You can do a druid/shaman gestalt using the life spirit and get everything on schedule, but shaman is bad at adding combat ability to a druid. If you go battle spirit (with wandering used exclusively on life to have the restoration line, breath of life, and heal available on schedule) you can boost accuracy, but with a charisma based ability and battle druids must dump charisma. Without that you don't get an accuracy boost until level 9 because shamans lack divine favor and for some inexplicable reason don't get it as the most obvious possible first level spell for the battle spirit.

So, since clerics can cast in heavy armor and witches can't you'll be a cleric. Clerics want full BAB, a better reflex save, and ideally more skill points.

Cleric//Unmonk is probably the best option. You worship Irori, because of course you worship Irori. Other gods might be more optimal, but Irori is more monky and you're already playing gestalt. Your domains are Strength(ferocity) and Healing. You're just going to prepare strength domain spells apart from Breath of Life and Heal, which you want anyways. Your dexterity should be at least 12 and preferably 14 (you will take combat reflexes as a monk bonus feat, but want to still get a bonus AoO when enlarged), enough constitution to not die, 13 or 14 strength, and otherwise crank wisdom as much as humanly possible while dumping charisma all the way and intelligence as far as you have to (hopefully not below 10, but you need that wisdom). Take Channel Smite, Guided Hand, Power Attack, Mantis Style, and Mantis Wisdom with your general feats up to level 7, followed by whatever you feel you need. Your monk bonus feats are Combat Reflexes at 2, an Improved Trip at 6, and Medusa's Wrath at 10. You should be a human to get Guided Hand at level 1. Your stats to boost with items are wisdom first and then dexterity. Your damage will be a little light, but you have excellent defenses and can make it up on volume (Flurry and AoOs and later Medusa's Wrath) and versatility.

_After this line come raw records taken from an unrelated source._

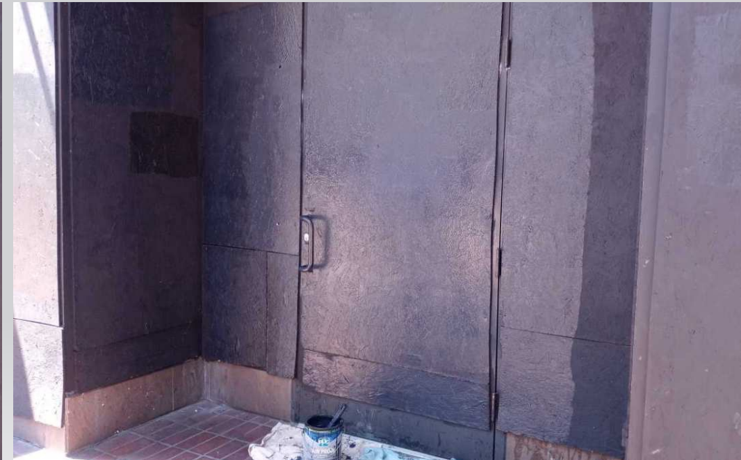
Graffiti removed – 944 Market Street
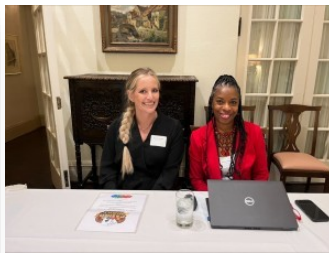
2023 Partner Event
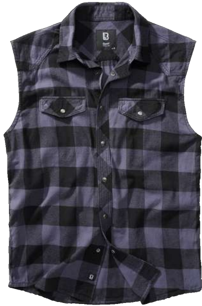
28 · black/grey
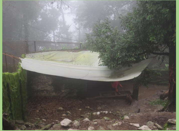
Fig: Pre-monsoon enrichments at herbivore enclosures
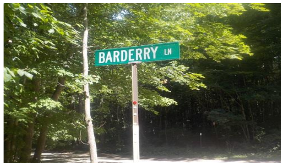
One the roads where there will be E911 changes
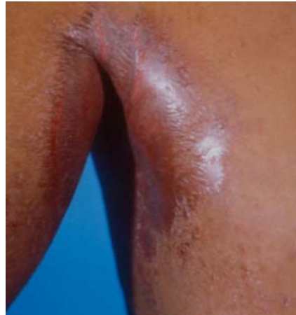
Figure 3: Representation of the flexural eczematous lesion.

and environmental factors. Genetic factors are likely to be important in determining the host response to HTLV-1 infection, perhaps determining the carrier state or disease manifestation among those susceptible, following HTLV-1 infection. In Japan, where HTLV-1 is most prevalent, IDH is hardly ever reported, while other skin eruptions associated with HTLV-1 infection are observed in a significant proportion of Japanese population 30 . This indicates that other factors such as environmental factors, in addition to genetics, are likely to play a causative role. Similarities have been noted particularly between IDH and HAM/TSP, both being inflammatory manifestations of HTLV-1 infection. The basis for this proposal is the finding of elevated proinflammatory cytokines in IDH cultured cells, as has been noted in HAM/TSP 15,31,32 . The immune dysregulation associated with HTLV-1 infection likely facilitates chronic superinfection with SA and/or BHS, which additionally leads to chronic antigenic stimulation and persistent inflammation in the skin.
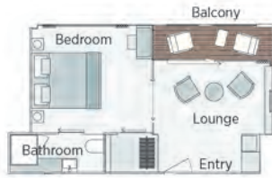
Owner's One-Bedroom Suite
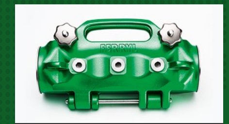
Lightweight aluminium lubricating chamber
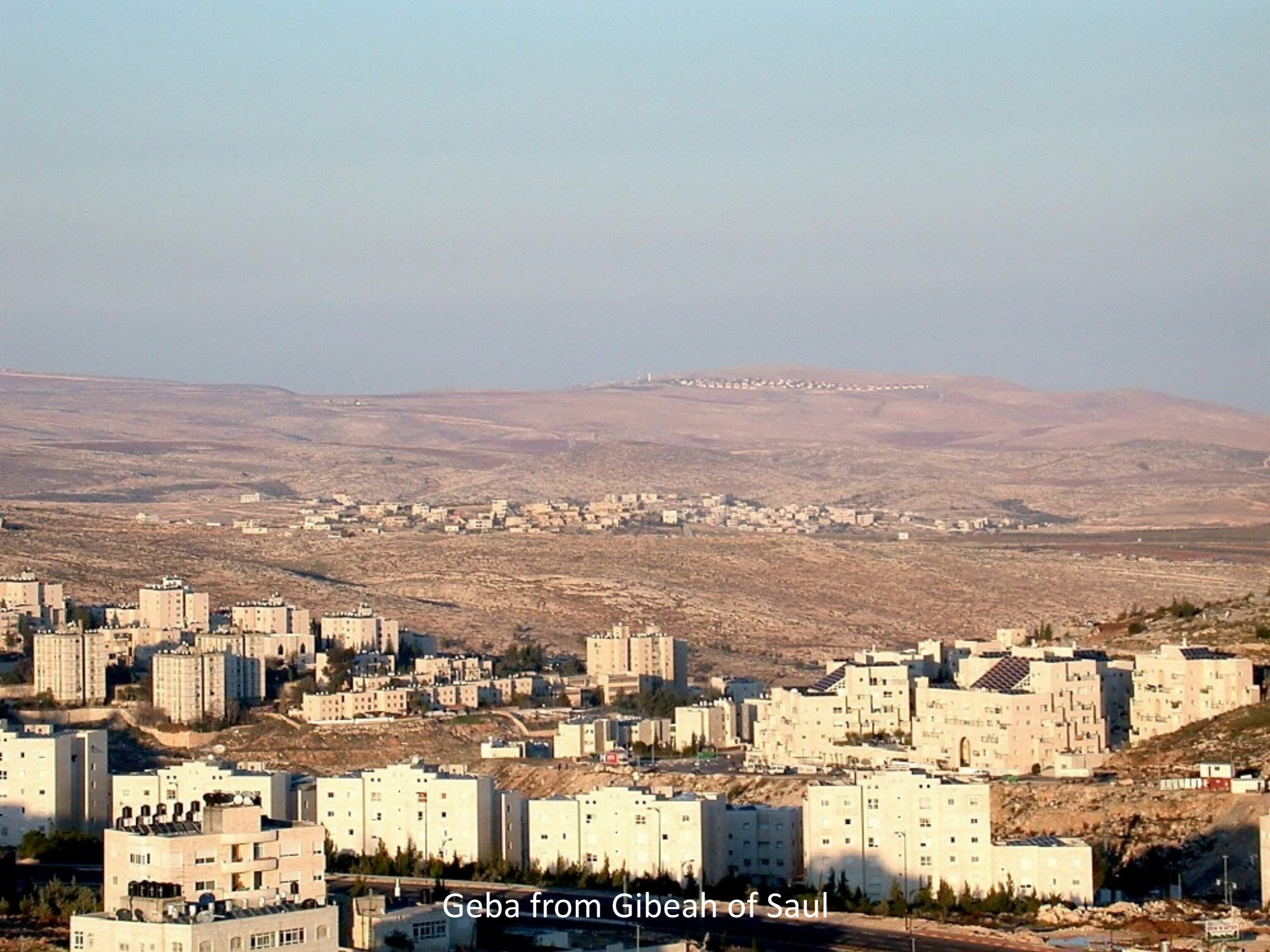
Geba from Gibeah of Saul

Note that in a flurry "these attacks" that can only be made with unarmed strikes and monk weapons are grammatically the bonus attacks, not the attacks you're entitled to for your BAB. If you have one enemy in your natural reach and another in range of your longspear you should be able to make attacks at full BAB, BAB-5, BAB-10, and BAB-15 as provided by your BAB as well as any bonus attack from Haste with the longspear at the opponent at long reach and make the bonus attack(s) from Flurry with your unarmed strikes against the opponent at short reach.

Shadow Lodge

I second Cleric//UnMonk of Irori as the best at being both a fighter and a healer. You get the best access to various condition-removing spells, good HP healing (especially with the Healing domain), full BAB and d10 HD, lots of combat features and buffs, the mobility to easily cross the battlefield to attack or heal, and good Wis synergy.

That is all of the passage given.